* **WHAT IS EXPECTED**:
Skip all pictures, then copy the lines from the start of the data through the line with "市政部门提前开启闸门,紧盯各", keeping both ends.

=== Section Start ===

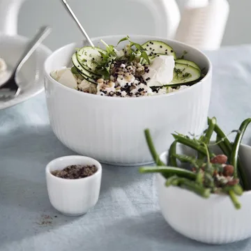Kählerin keskisuuri Hammershøi-kulhosopii tarjoiluastiaksi tai vaikkapa perunalastuille. Hans-Christian Bauerin suunnittelemassa keramiikkakulhossa on kaunis uritus, joka antaa tyylikkyyttä arkisellekin kattaukselle. Valittavanasi on eri värejä.
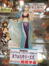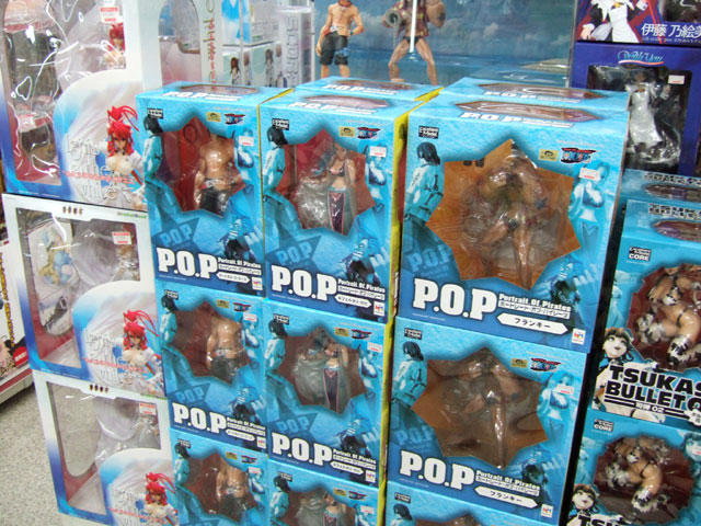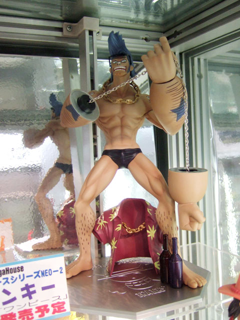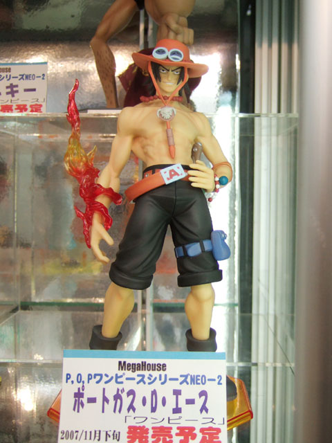 左からそれぞれとらのあな本店での「ポートガス・D・エース」(価格は税込4,200円。)、「フランキー」(価格は税込4,725円。)、「ネフェルタリ・ビビ」(AA)(価格は税込4,200円。)のサンプル展示の様子。
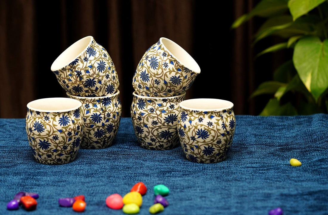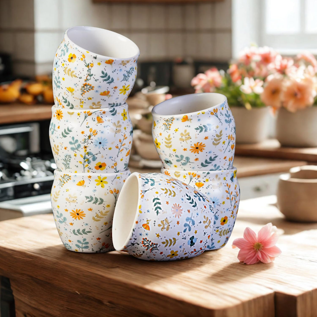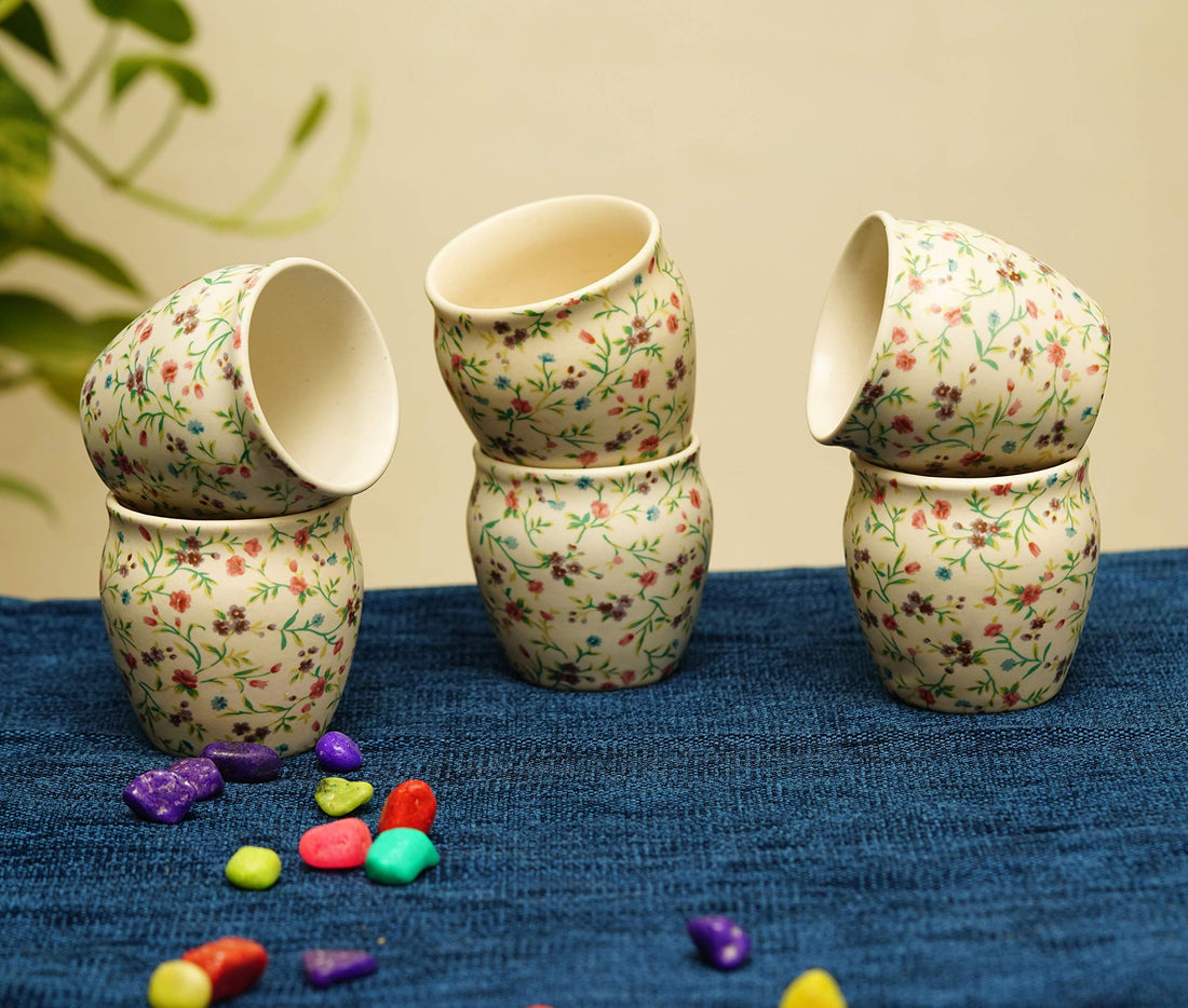 Brand: FreakwayColor: Multicolor - Cream Base With Floral PatternFeatures: Premium Ceramic Construction: Set of 6...
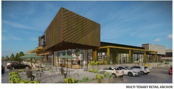 • 19,020 SF mixed-use space surrounding the multifamily development. Available pad sites up to 6,500 SF; retail space up to 8,840 SF.
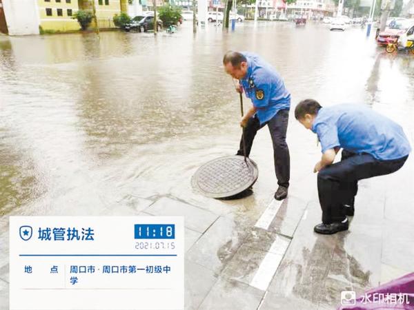 市政部门提前开启闸门,紧盯各路段、桥涵泵站,做好雨水抽排应对,同时打开道路井盖,在确保安全的前提下加速积水排出;各区、各办事处城管队员到达各自责任区域,加强道路和桥梁、涵洞巡查,排查易反涌顶开窨井盖区域,危险区域设置警示标志,安排专人值守确保安全;环卫人员清理井篦口垃圾、杂物、淤泥、断枝等,确保排水通畅;水利部门紧急开挖太昊路运粮河等部分路段沟渠围堰,加快积水排放……
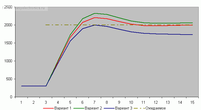 Все, расслабились – больше эта формула нам в работе не понадобится, она для пояснения сути. А суть тут такая. У нас есть воздействие, наша Функция (u (t) ). Она состоит из трех составляющих – Пропорциональной, Интегральной и Дифференциальной (отсюда и ПИД-регулятор). Формула в вышеприведенном виде хороша для изучения, но неудобна для расчетов (хотя бы потому, что в вычислительной технике надо переходить к численным методам). В программной реализации, если верить этой статье , переходят к дискретной реализации: u(t) = P (t) + I (t) + D (t); P (t) = Kp * e (t); I (t) = I (t — 1) + Ki * e (t); D (t) = Kd * {e (t) — e (t — 1)}; Вот это уже выглядит куда реальнее и понятнее! Мы вычисляем сумму трех составляющих. Каждая из них определяется своими коэффициентами. Если данный коэффициент нулевой, то составляющая в вычислении не участвует. С этой формулой мы и будем работать далее, ее я и реализую. Впрочем, есть еще и другая, рекуррентная реализация: u(t) = u(t — 1) + P (t) + I (t) + D (t); P (t) = Kp * {e (t) — e (t — 1)}; I (t) = I * e (t); D (t) = Kd * {e (t) — 2 * e (t — 1) + e (t — 2)}; Какая из них лучше/правильней? Математика, в общем-то, одинаковая. Коэффициенты тоже. Говорят, что есть разные подводные булыжники при реализации. Обратите внимание! Коэффициенты тут – обязательно дробные числа! В языке программирования Си – как минимум float, а лучше бы и double. Вся магия ПИД-регуляторов – именно в этих коэффициентах. Как их подбирать – посмотрим в конце. А сейчас переведем дух от математики и поедем к изучению поведения этой формулы. Все расчеты и моделирование я проводил на модели в Excel. Он – файл – приложен внизу, с ним можно поиграться самостоятельно. Модель – сугубо для ознакомления с идеей! Т. е. не надо ее стараться привести к какому-то реальному процессу, искать в ней научный смысл и т. п. Там все цифры слегка «отфонарные». Но зато и файл простенький и несложный. И моделируется быстро. И дает возможность понять суть ПИД-регулятора. Пару слов по файлу я дам в конце. Пропорциональная составляющая Первый коэффициент – пропорциональный. Он самый очевидный и понятный (реально я когда-то давно сам вывел формулу ПИД-регулятора, кому-то показал, и он рассказал мне об этой теории; так вот, вывод я начал с пропорционального вида). Рассмотрим его – пропорционального коэффициента — влияние на результат. «Ожидаемое» – это то, что мы хотим получить. Вначале оно равно какому-то низкому значению (в нашем примере – это те обороты двигателя, которые создает стартер). Далее, в момент времени 3, оно вдруг стало равно 2000 (завели мотор и, исходя из текущей температуры, мы должны получить 2000 оборотов в минуту). (Небольшая ремарка – в автомобилях частоту измеряют в кол-во оборотов в минуту!) Сделаем первый вариант: Kp = 2. Посмотрим на красную линию. Что мы видим? По ходу дела обороты начали расти – ошибка стала снижаться – значение коррекции постепенно растет — красная линия растет (обороты двигателя увеличиваются). В какой-то момент (почему-то 13-ый) обороты достигают требуемой величины. Класс? Супер! Да вот только медленно как-то… Попробуем другой коэффициент: Kp = 5. Что видим? Зеленая линия. Достигла результата шустро – на 6-ом шаге. Класс! Да вот – ой! – перелет (по науке перерегулирование). Потом, правда, вернулись назад – порядок. А что если коэффициент сделать еще больше? Kp = 20. Синяя линия – бух! За один шаг! Но – сразу перелет. Потом падаем вниз – ошибка стала отрицательной. 
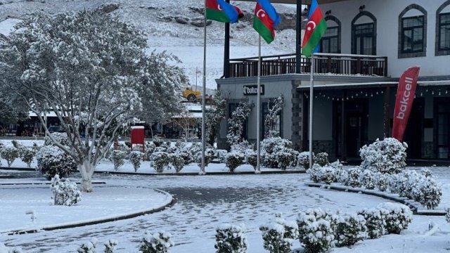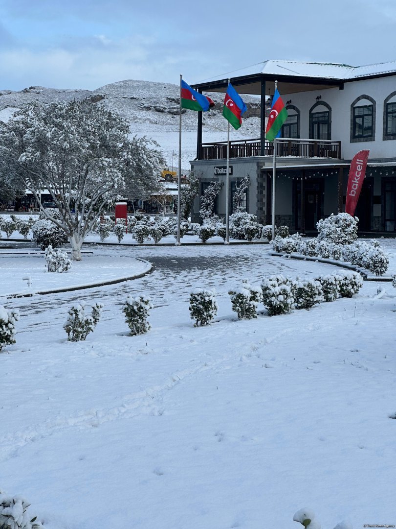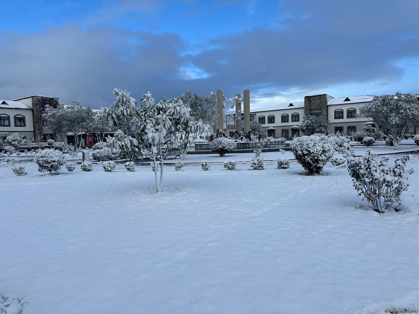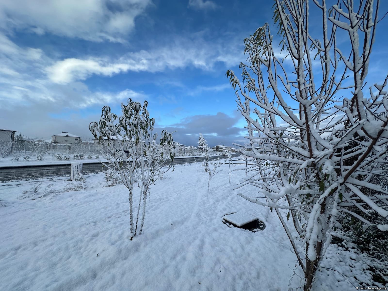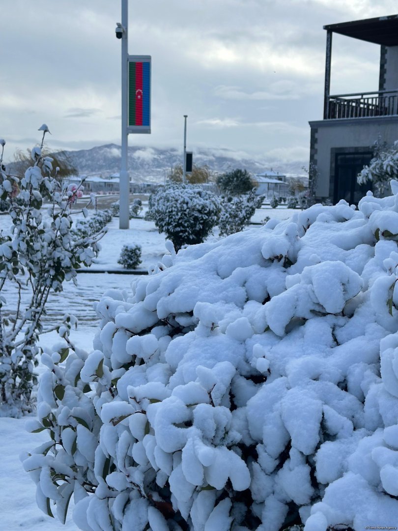 Trend-in bölgə müxbiri xəbər ki, səhər saat 5 radələrindən yağmağa başlayan qar qısa müddətdə ətrafı ağ örpəyə bürüyüb.
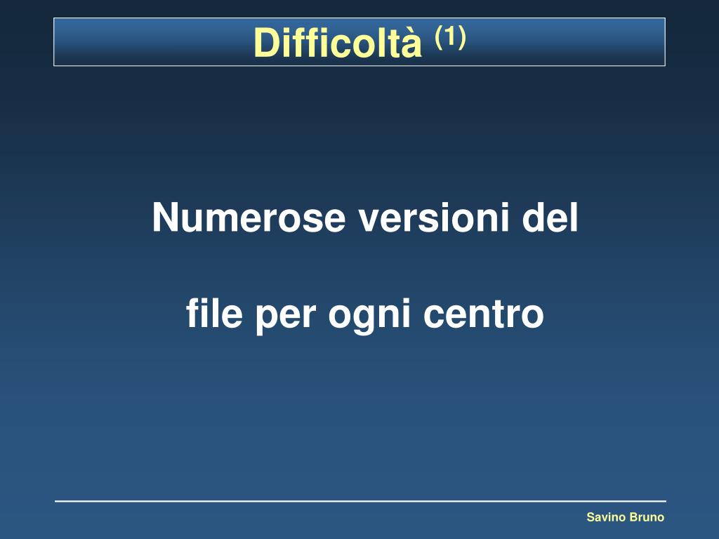 Difficoltà (1) Numerose versioni del file per ogni centro Savino Bruno

=== Section End ===

* **EXERCISE RESPONSE**:
Kählerin keskisuuri Hammershøi-kulhosopii tarjoiluastiaksi tai vaikkapa perunalastuille. Hans-Christian Bauerin suunnittelemassa keramiikkakulhossa on kaunis uritus, joka antaa tyylikkyyttä arkisellekin kattaukselle. Valittavanasi on eri värejä.
 左からそれぞれとらのあな本店での「ポートガス・D・エース」(価格は税込4,200円。)、「フランキー」(価格は税込4,725円。)、「ネフェルタリ・ビビ」(AA)(価格は税込4,200円。)のサンプル展示の様子。
 Brand: FreakwayColor: Multicolor - Cream Base With Floral PatternFeatures: Premium Ceramic Construction: Set of 6...
 • 19,020 SF mixed-use space surrounding the multifamily development. Available pad sites up to 6,500 SF; retail space up to 8,840 SF.
 市政部门提前开启闸门,紧盯各路段、桥涵泵站,做好雨水抽排应对,同时打开道路井盖,在确保安全的前提下加速积水排出;各区、各办事处城管队员到达各自责任区域,加强道路和桥梁、涵洞巡查,排查易反涌顶开窨井盖区域,危险区域设置警示标志,安排专人值守确保安全;环卫人员清理井篦口垃圾、杂物、淤泥、断枝等,确保排水通畅;水利部门紧急开挖太昊路运粮河等部分路段沟渠围堰,加快积水排放……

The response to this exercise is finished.